=== Begin Enclosure ===
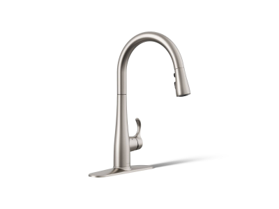 Kohler® Kitchen Sink Faucet, Touchless, Simplice® Collection, 1.5 gpm Flow Rate, Pull-Down Spout, 9 in Spout Reach, 9-3/8 in Spout Height, Lever Handle, 1 Handles, 3/8 in Connection, Compression Connection, 3 Spray Functions, 2-1/2 in Maximum Deck Thickness, Deck Mounting, Ceramic Disc, 9 in L x 8 in W x 16-9/16 in H, Metal, Vibrant® Stainless
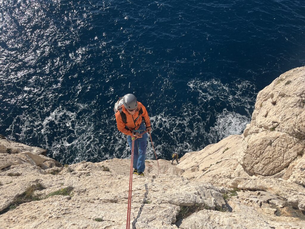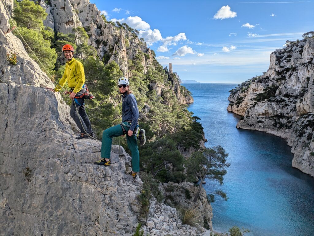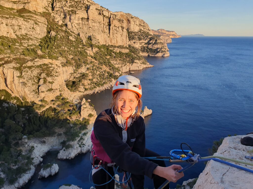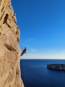 …jeweils fast die einzigen am Fels, was sicher auch mit den teils abenteuerlichen Zufahrtswegen durch enge Gassen und auf kurvigen Waldwegen zu tun hatte. Die grösste Herausforderung neben den Schlüsselstellen bestand darin, sich beim Klettern und Sichern nicht von der atemberaubenden Aussicht ablenken zu lassen. Das musste auch ein Handy am eigenen Leib erfahren, als es nicht nur einmal, sondern gar zweimal abstürzte (und beim zweiten Mal auch definitiv den Geist aufgab). Auch kulinarisch hatte die Kletterei einiges zu bieten: Rosmarin à discrétion und etwas Salz, wenn man den ins Meer gefallene Teil des Seils zum Klippen in den Mund nahm (oder gar den Fels ableckte). An der wärmenden Sonne war es manchmal T-Shirt-Wetter und auf jeden Fall warm genug für kurze Abstecher ins Meer. Abends kletterten wir jeweils solange wir konnten und kehrten oft erst im Dunkeln zu unserem eher rustikalen und fast ausgestorbenen Camping zurück. Diesem hauchten wir neues Leben ein: zusammen kochten wir Risotto, Paella und andere leckere Abendessen, sangen Lieder mit Gitarrenbegleitung, durchquerten ein Spinnennetz unter fachkundiger Anleitung von Mona und raschelten auf unseren Luftmatten mit dem kühlen Wind um die Wette. Die Abende waren doch sehr frisch und wir waren froh um unsere flauschigen Daunenjacken und dicken Schlafsäcke. Morgens erleichterte uns das frisch duftende Brot von der nahen Boulangerie und die Aussicht auf einen weiteren sonnigen Klettertag das Aufstehen. Nach einer fantastischen Woche ging es dann wieder zurück: Weg vom weissen Fels, zurück in die mittlerweile schneeweisse Heimat.
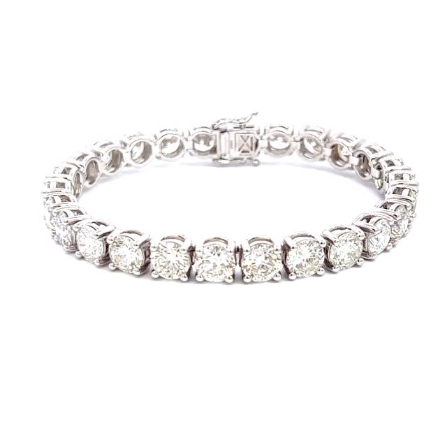 Esta pulsera de tenis de 18k Wg 26.46 Rd Tcw es perfecta para quienes buscan una pieza atemporal. Elaborada en oro blanco de 18k con un peso total de 26,46 quilates, esta hermosa pulsera seguramente llamará la atención. Un complemento clásico para cualquier colección de joyas.
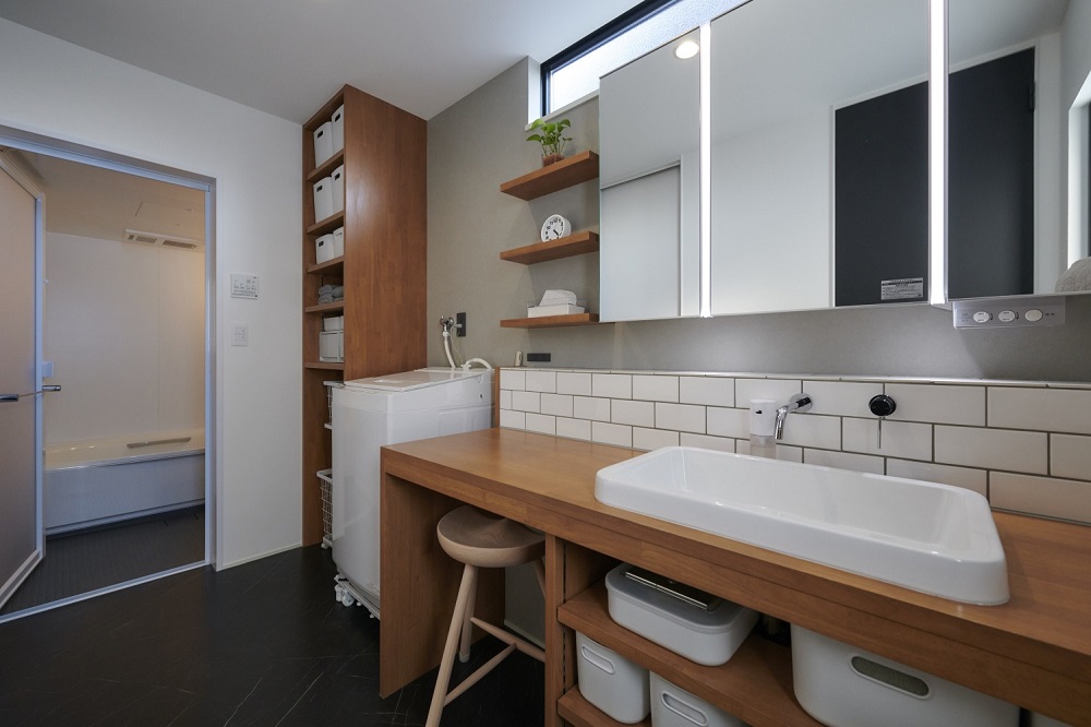 大きな引き出しが付いた洗面台は、足元に棚や扉を付けず開放感を出したオリジナル設計です。狭くなりがちな洗面台をスタイリッシュに演出しています。
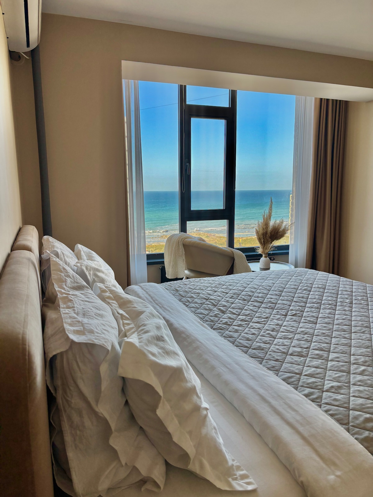 departamento renovado de diseño con vistas al mar en el centro de la ciudad. El apartamento cuenta con todo lo que necesitas para una estancia cómoda y relajación. Dormitorio con vista al mar, elegante y cómoda cama tamaño king. La ubicación está en el centro de la ciudad junto al mar, en la casa en las plantas inferiores hay cafeterías, restaurante Mint, supermercado Dana, panadería Bulka y más. Cerca hay centros comerciales, tiendas, farmacias, restaurantes, parque de entretenimiento, terraplén. La casa no es un edificio nuevo. Hay un depósito de 10,000 tenge
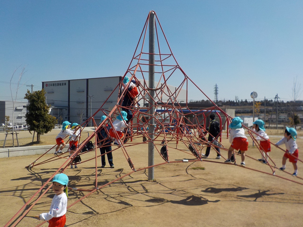 さくらんぼ組(満3歳児)が、彩都はなだ公園へお別れ遠足へ出かけました。 青……
=== End Enclosure ===
◆ About this exercise
Write out again, exactly, each line from the one with "departamento renovado de" to the end of the entries. No pictures go in.

◆ Written answer
 departamento renovado de diseño con vistas al mar en el centro de la ciudad. El apartamento cuenta con todo lo que necesitas para una estancia cómoda y relajación. Dormitorio con vista al mar, elegante y cómoda cama tamaño king. La ubicación está en el centro de la ciudad junto al mar, en la casa en las plantas inferiores hay cafeterías, restaurante Mint, supermercado Dana, panadería Bulka y más. Cerca hay centros comerciales, tiendas, farmacias, restaurantes, parque de entretenimiento, terraplén. La casa no es un edificio nuevo. Hay un depósito de 10,000 tenge
 さくらんぼ組(満3歳児)が、彩都はなだ公園へお別れ遠足へ出かけました。 青……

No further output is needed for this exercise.